Singapore Sweet Potato Noodles (Spiralizer) - cooking recipe

Ingredients
    2 medium sweet potatoes
    Sauce
    2 teaspoons sesame oil
    1 tablespoon minced fresh ginger
    1 garlic clove, minced
    1/4 cup tamari (or low sodium soy sauce)
    1 tablespoon unfiltered apple cider vinegar
    1 tablespoon maple syrup (optional)
    2 -3 teaspoons curry powder
    The Rest
    1 teaspoon coconut oil (can sub canola oil)
    1 red bell pepper, chopped
    3 cups mung bean sprouts or 3 cups shredded cabbage
    6 green onions, thinly sliced
    1 cup fresh peas or 1 cup frozen peas
    fresh cilantro, for garnish
Preparation
    To prepare the sauce. in a small bowl, whisk together the sesame oil, ginger, garlic, tamari, vinegar, maple syrup and 2 teaspoons of the curry powder; set aside.

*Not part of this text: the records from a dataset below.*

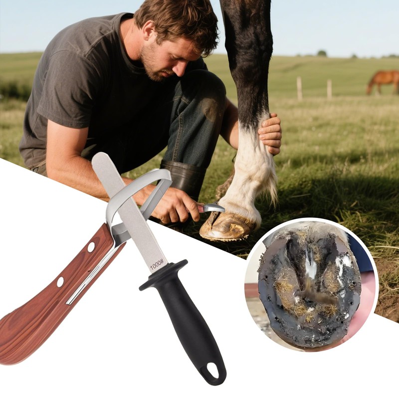 - High-Carbon Steel Blade for Precision Cutting:Forged from durable high-carbon steel for superior Sharpenerness and long-lasting edge retention, this farrier hoof knife—a Sharpener hoof knife essential for professional farrier supplies—ensures clean, effortless hoof trimming
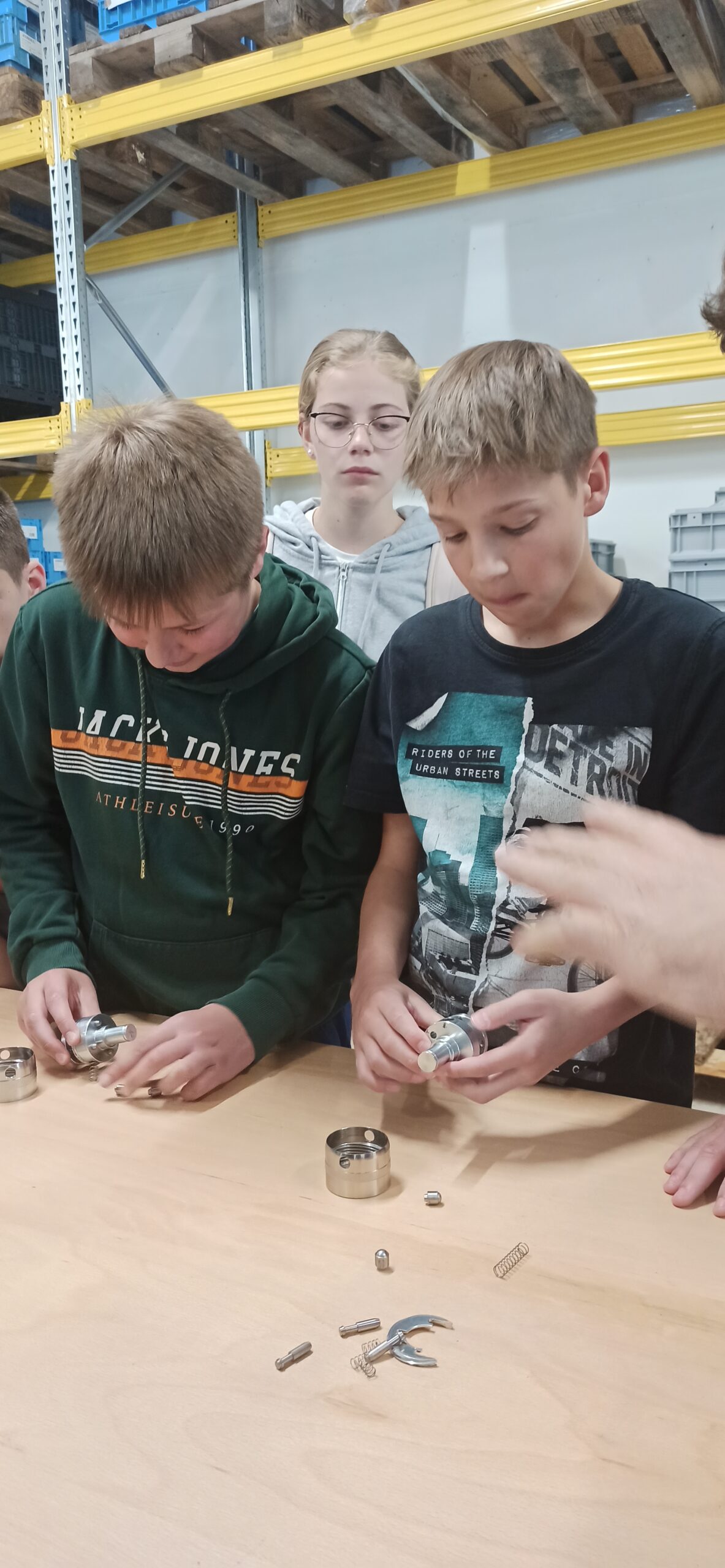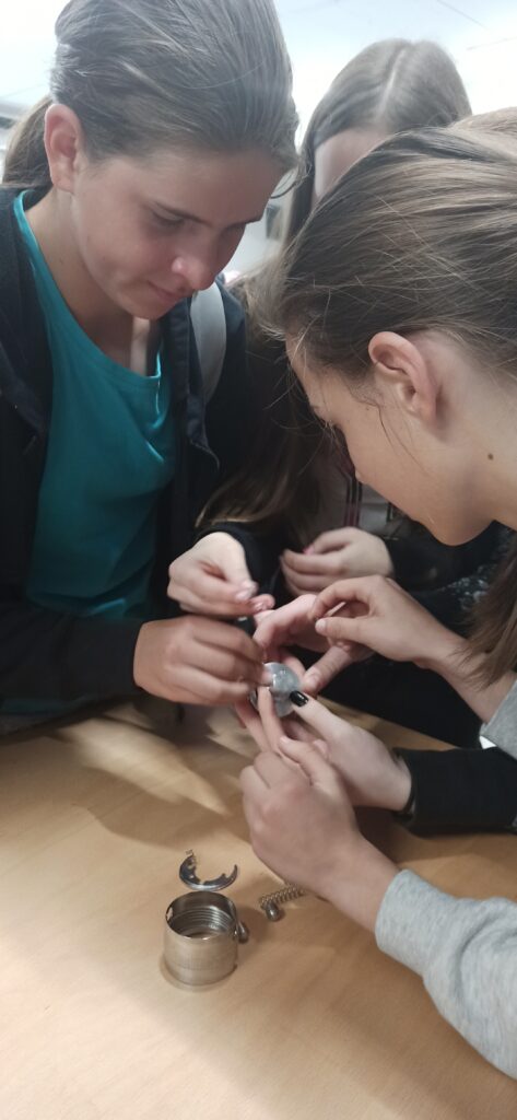 Z osmošolci smo se odzvali na prijazno povabilo podjetja Almat d.o.o. iz Godoviča, da jih obiščemo in spoznamo njihovo dejavnost. Tako smo v četrtek, 15. 6., naši uri tehnike in tehnologije začeli v njihovi proizvodni hali v Godoviču. Na zanimiv in animiran način sta nam lastnika tega družinskega podjetja predstavila njihovo delo in učenci so lahko neposredno sledili procesu izdelave kovinskih izdelkov – polizdelkov. Ob zaključku so tekmovali v sestavljanju kompleksnejšega kovinskega kosa in dekleta so za las premagala fante. Za nagrado pa so si vendarle vsi prislužili slastno darilo.
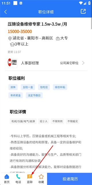 3、在职位详细页面确认信息后,点击直聊按钮进行在线直聊。
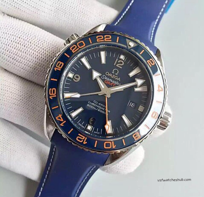 VS Factory Omega Seamaster Planet Ocean 600M GMT Ref 232.32.44.22.03.001 Blue Dial Rubber Strap Super Clone
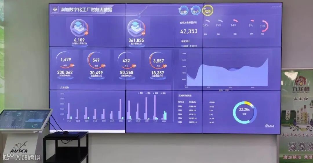 在澳加粮油的生产车间现场,设备与系统成功互联,各项生产数据及时回传金蝶云星空,自动化高效作业,不浪费任何资源。车间关键位置悬挂电子看板,生产数据全自动采集,生产进度、订单完成状况等信息均可通过数据大屏实时展现,车间生产透明可视化。加上云之家的移动应用,对生产、销售、库存等数据实时掌握和业务流程高效审批,能快速对市场变化做决策,大大提升企业竞争力。
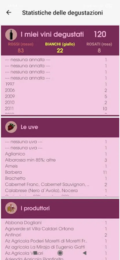 - Statistics on wines tasted (vintages, grapes, producers and origins)
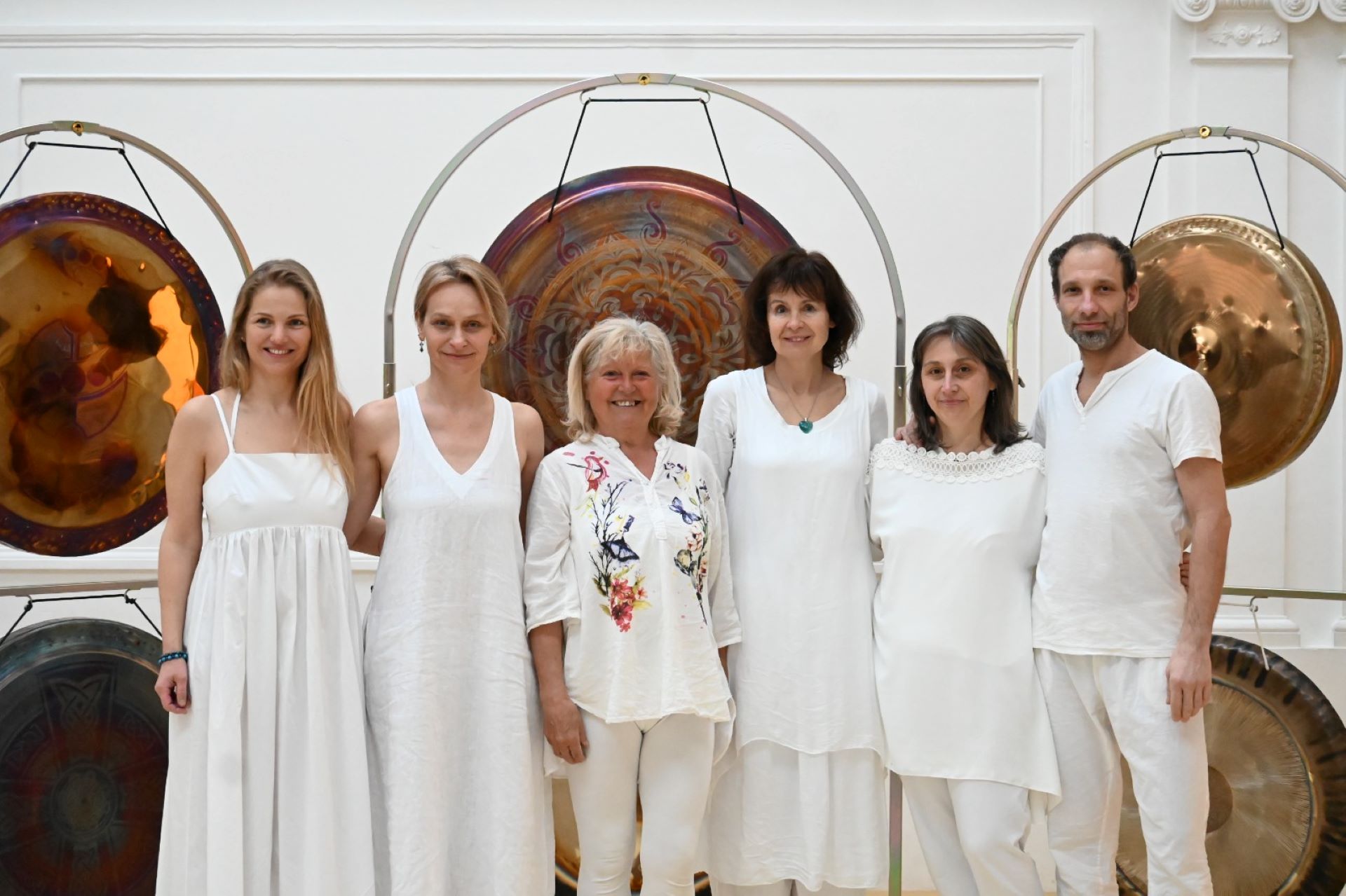 Já i Marcelka Valtrová se už moc těšíme, až se společně opět ve smíchovském Chrámu zastavíme a spočineme ve sladké blaženosti za zvuku chrámových gongů. Tady hrajeme ve dvou a to znamená minimálně 6 gongů, tibetské mísy, basové tóny, zvukové vlny, mušle, šamanský buben, shruti box... Naše nabídka harmonizačních nástrojů je široká a my je rády...

    Using a spiralizer, turn the sweet potatoes into spaghetti-like noodles or use a vegetable peeler to create long, thin, ribbons; set aside.
    In a large Dutch oven (can use wok), melt the coconut oil over medium heat and cook the bell pepper until it starts to soften, about 5 minutes. Add the bean sprouts and reserved sauce and cook until the vegetables shrink in size, about 5 minutes more. Add the sweet potato noodles, green onions, and peas and toss well to combine. Partially cover the pot and cook until the potatoes are tender, 8 to 10 minutes.
    Taste and adjust the seasonings, adding more curry powder if desired. Serve warm, garnished with cilantro. Store leftovers in an airtight container in the refrigerator for up to 3 days.